# Sauteing Ginger



## scott123 (Dec 23, 2003)

Anyone know what happens when you saute ginger too long? Not until it gets black but past tan. I could do it myself, but it would save me some time if someone else had tried it already.


----------



## cape chef (Jul 31, 2000)

What do you mean Scott?

Do you mean taste texure?


----------



## scott123 (Dec 23, 2003)

What does it taste like?

Does it get mellower? Does it get bitter? Does it get sweeter?


----------



## cape chef (Jul 31, 2000)

Scott,

I find that on high heat ginger will turn bitter (like garlic) if allowed to brown to far, on low heat however you will be able to exstract more of the gingers oils to infuse a dish.

I do not find ginger gets sweeter the longer it cooks because the flavor is in the oils and over cooking will turn it bitter.

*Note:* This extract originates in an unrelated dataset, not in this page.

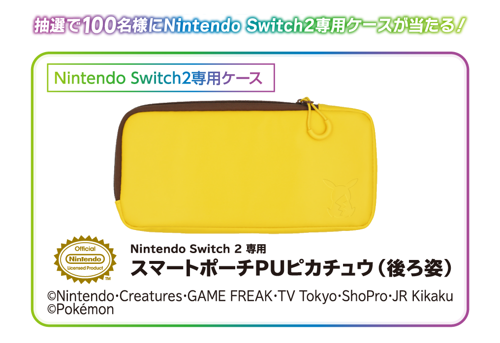 キャンペーン期間中に対象店舗にて対象商品のいずれかをご購入後、本特設サイトからご応募いただくと抽選で100名様に Nintendo Switch 2 専用スマートポーチPUピカチュウ(後ろ姿)をプレゼント!

I have never slow roasted ginger like garlic in an oven, maybe I should try that someday, but I believe theres just to much fiber to break down.


----------



## mezzaluna (Aug 29, 2000)

I wonder what the sugar content of ginger is? If it's high, I would think it would caramelize and therefore sweeten. Since it just burns and gets bitter, maybe the sugar content is low. I'll cruise around and see what I can find out.

*******
I discovered that 1 tablespoon has 3 effective carbs, so it's rather high in carbs. I wonder if it would caramelize at any temperature, given enough time. Another theoretical puzzle I'll leave to others to pursue.


----------



## barista (Jul 22, 2002)

Ginger is best sauteed at high heat to extract it's flavour. But you need not over-brown it.

It is used this way to give stir-fried vegetables like choy sum, and kailan the kick. Used in quantities of a few good sized knobs, flattened by the blade of a chopper, and sauteed with sesame seed oil, it makes an excellent dish sitr-fried with chicken in balck sauce.


----------



## chefboy2160 (Oct 13, 2001)

Thanks barista for the tips. So typical in asian cuisine , high heat and fast infusion . A quick question for all ? Have you used crystalized ginger and if so in what applications ? 
Thanks , Doug............


----------



## barista (Jul 22, 2002)

Yes, fast is the word for Chinese stir-fried cooking, though there is the other extreme of slow, long double-boiling. The test for good stir-fry is that the ingredients, esp if it's veggies still have the snap when you bite into them.

Crystallised ginger as is referred to in Western cooking is not used in Asian cooking in general. The Chinese and Japanese use pickled ginger instead. This is used mainly as condiment to century eggs (see thread on congee) and in sushi/sashimi.


----------